Dreaming About Pesach Cleaning from the ICU (2 Minute Mommy Peptalk)
Reflections on the mother of a very ill baby and Pesach cleaning.
We spent this past Shabbat in Tsfat, and while there I met an incredibly lovely woman named Chaya.
Chaya has soft-brown eyes, a gorgeous smile. She radiates quiet joy, deep faith.
Seeing her, you would never guess that 16 months ago Chaya gave birth to a baby boy named Raphael who, for all of his 16 months in the world, has never left the ICU.
And for the last 16 months, Chaya has spent most of her waking moments by his side.
Chaya told me this Shabbat that she constantly feel torn in two. If she is with Raphael, she feels badly that she is not with her husband and older son. If she is with her husband and older son, she yearns to be with Raphael.
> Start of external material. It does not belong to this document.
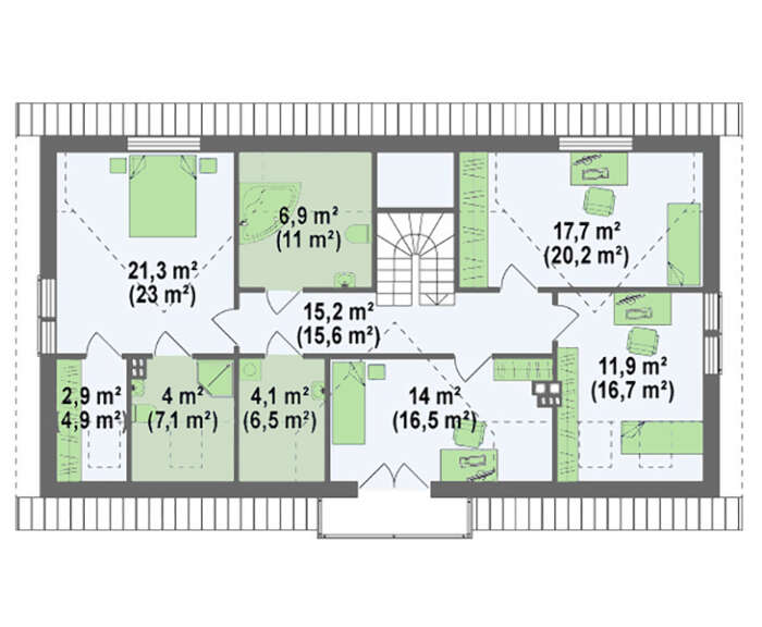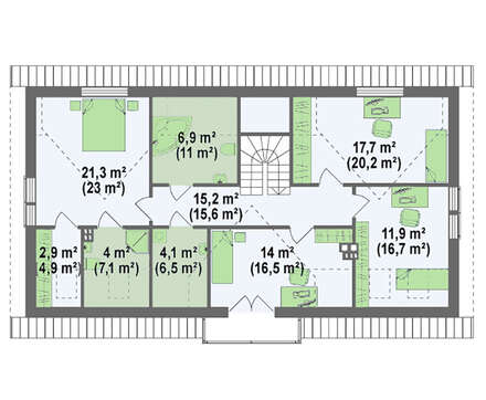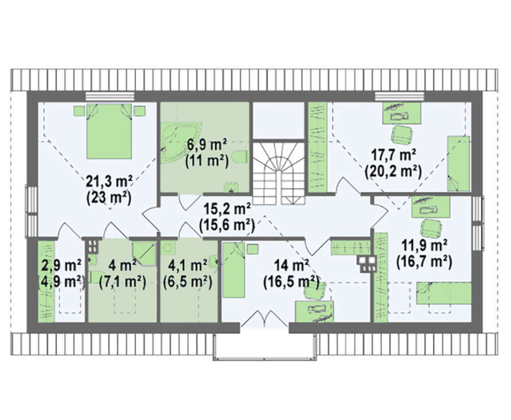 Проект практичного коттеджа с мансардой и удобным балконом 4M264

Chaya spent this past Shabbat out of the hospital, on a vacation with her husband in honor of their wedding anniversary. When I asked Chaya whether she always spends Shabbat in the hospital with Raphael, she thought about it and answered, “Not always, last year Seder night was on Shabbat, and so we weren’t in the hospital with him then. But it was terribly hard, I missed Raphael so much,” and she added with a huge smile, “I love spending time with him.”
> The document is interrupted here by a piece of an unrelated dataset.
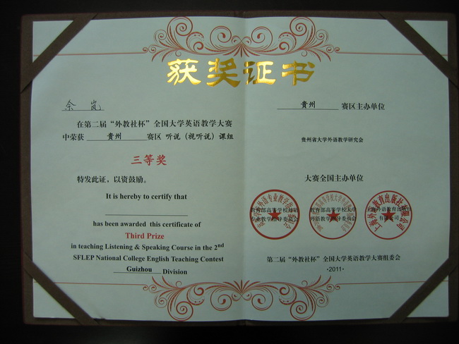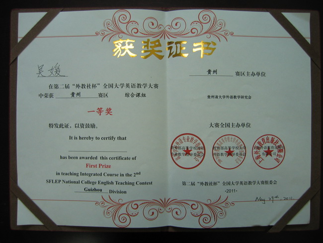 第二届“外教社杯”全国大学英语教学大赛贵州赛区决赛于5月28、29日在贵州大学举行,我校派出经大学外语教学部4月29日进行的贵州师大选拔赛中获综合组和听说组一等奖吴媛、余岚两位青年教师,代表我校参加了在贵州大学举行的“贵州省大学英语教学大赛”。此次赛事有来自全省各地区近40名选手参加,经过紧张激烈的角逐,我校吴媛老师获综合组一等奖,余岚老师获听说课组三等奖。

“And where will you be for seder this year?” I asked her last night, two weeks minus a day until Seder night.
“The seder?” she asked, with a confused look, “I don’t know where we’ll be this year. It’s such a long time away!”
Chaya’s mother and sisters and sisters-in-law and neighbors are up to their eyeballs in bleach and oven cleaner.
But for Chaya, cleaning, cooking, shopping, organizing? Chaya can only dream about all that stuff.
And that’s what I’m thinking about today, as I try to not get sucked into my annual stress and overwhelm about everything I’ve got to get done before seder night.
I’m thinking about this woman who can only dream about getting ready for Pesach like I am, like we are.
May Raphael ben Chaya be blessed with a complete and miraculous recovery.
Amen and good message for us to keep things in perspective.
Amen
BS”d
refua shlema for Rafael ben Chaya
and thank you for the message Chana
amen!
Refuah shelayma… I know about this too. We can never plan, it’s moment by moment.